▶ Your instructions: Reproduce each record below in full, word for word, without images.

▶ Information provided:

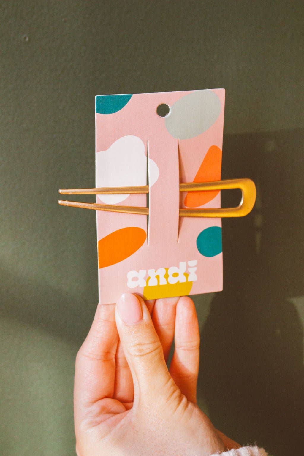 Hair Pins are the next claw clip! They are such a simple and beautiful tool that easily holds your hair in so many different ways. Andi’s hair pins match any vibe, any outfit, and any occasion. This pin is a beautiful U-shape, in a matte, gold metal. It will look stunning in your hair, and will be so comfortable, you'll forget it's even there.
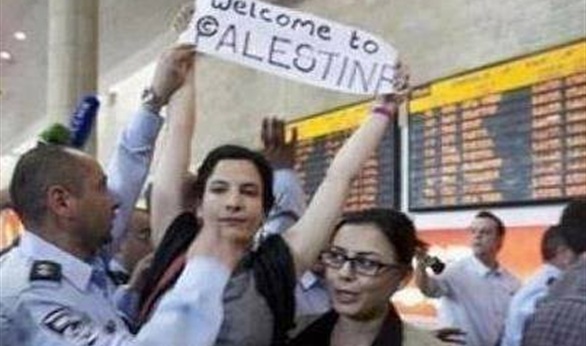 فتاة أمريكية تحمل لافتة "أهلا بكم فى فلسطين" فى مطار تل أبيب
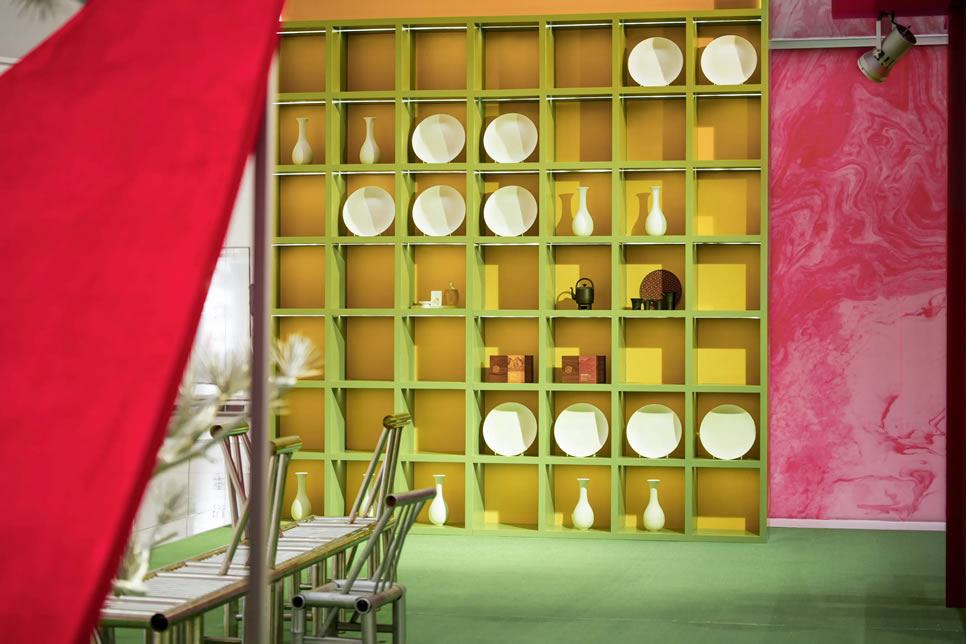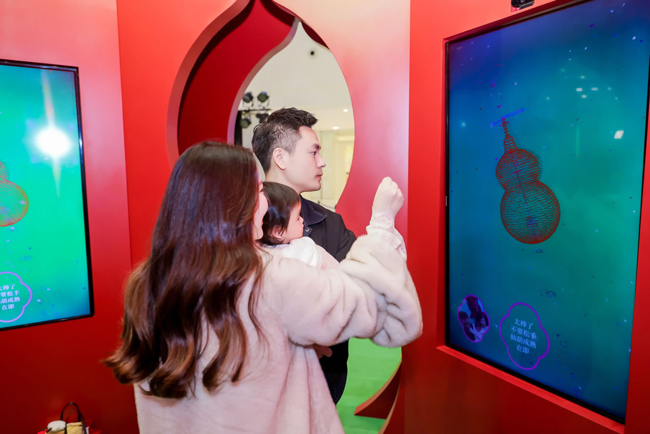 山水,并非遠(yuǎn)行才可得見。書法水墨藝術(shù)家劉玥首展作品《春山行遠(yuǎn)圖》以20米巨幅“山水開卷”,步入其中,與天地春意從容照面;紅色的帷幔落于銀色的松枝上,就像于山間松下靜謐的一隅,“幕下棲心”將是絕佳開年時(shí)尚大片的打卡處;松下銀椅,為你與摯友“漫敘往來(lái)”的相聚時(shí)刻營(yíng)造出寧?kù)o、松弛的氛圍;多寶閣中陳列著未經(jīng)雕琢的茶器素胚與場(chǎng)內(nèi)品牌萬(wàn)仟堂,長(zhǎng)沙尼依格羅酒店及tea'stone帶來(lái)的新春茶器,以“初芒蘊(yùn)能”詮釋著未來(lái)的無(wú)限可能與新生力量。轉(zhuǎn)身與“蒔光種愿” 四方亭相遇。葫蘆門朝四方而開,寓意著納四方福祿,步入其中,與數(shù)字交互藝術(shù)家吳旭首展作品《無(wú)限福祿》體驗(yàn)互動(dòng),跟隨指引揮動(dòng)手勢(shì),觸發(fā)粒子凝聚為動(dòng)態(tài)“福”字,親手完成一場(chǎng)新春祈福儀式。我們把象征團(tuán)圓與喜悅的紅色沙發(fā)打造“盞間聚暖”,如懷抱般圍合的布局作為“歸處”的隱喻。與家人團(tuán)聚便是心歸處,這將是中國(guó)年最圓滿的意象。
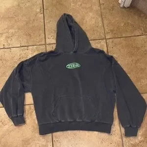 Stay cozy and stylish with this dark gray hoodie featuring a vibrant green logo. Perfect for casual outings and everyday wear.
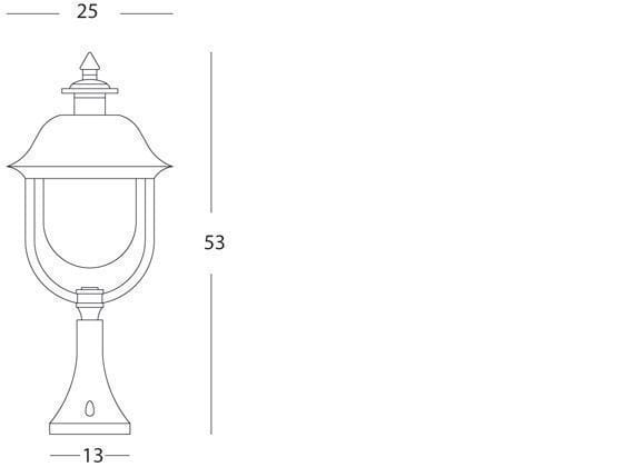 Paletto con struttura in pressofusione di alluminio. Copertura superiore in rame. Diffusore in termoplastico trasparente. Altezza max lampada: 150mm. Alimentazione 230 V ~ 50 Hz. Classe di protezione: IP43 Potenza massima lampade: 100W

▶ Exercise answer:
 Hair Pins are the next claw clip! They are such a simple and beautiful tool that easily holds your hair in so many different ways. Andi’s hair pins match any vibe, any outfit, and any occasion. This pin is a beautiful U-shape, in a matte, gold metal. It will look stunning in your hair, and will be so comfortable, you'll forget it's even there.
 فتاة أمريكية تحمل لافتة "أهلا بكم فى فلسطين" فى مطار تل أبيب
 山水,并非遠(yuǎn)行才可得見。書法水墨藝術(shù)家劉玥首展作品《春山行遠(yuǎn)圖》以20米巨幅“山水開卷”,步入其中,與天地春意從容照面;紅色的帷幔落于銀色的松枝上,就像于山間松下靜謐的一隅,“幕下棲心”將是絕佳開年時(shí)尚大片的打卡處;松下銀椅,為你與摯友“漫敘往來(lái)”的相聚時(shí)刻營(yíng)造出寧?kù)o、松弛的氛圍;多寶閣中陳列著未經(jīng)雕琢的茶器素胚與場(chǎng)內(nèi)品牌萬(wàn)仟堂,長(zhǎng)沙尼依格羅酒店及tea'stone帶來(lái)的新春茶器,以“初芒蘊(yùn)能”詮釋著未來(lái)的無(wú)限可能與新生力量。轉(zhuǎn)身與“蒔光種愿” 四方亭相遇。葫蘆門朝四方而開,寓意著納四方福祿,步入其中,與數(shù)字交互藝術(shù)家吳旭首展作品《無(wú)限福祿》體驗(yàn)互動(dòng),跟隨指引揮動(dòng)手勢(shì),觸發(fā)粒子凝聚為動(dòng)態(tài)“福”字,親手完成一場(chǎng)新春祈福儀式。我們把象征團(tuán)圓與喜悅的紅色沙發(fā)打造“盞間聚暖”,如懷抱般圍合的布局作為“歸處”的隱喻。與家人團(tuán)聚便是心歸處,這將是中國(guó)年最圓滿的意象。
 Stay cozy and stylish with this dark gray hoodie featuring a vibrant green logo. Perfect for casual outings and everyday wear.
 Paletto con struttura in pressofusione di alluminio. Copertura superiore in rame. Diffusore in termoplastico trasparente. Altezza max lampada: 150mm. Alimentazione 230 V ~ 50 Hz. Classe di protezione: IP43 Potenza massima lampade: 100W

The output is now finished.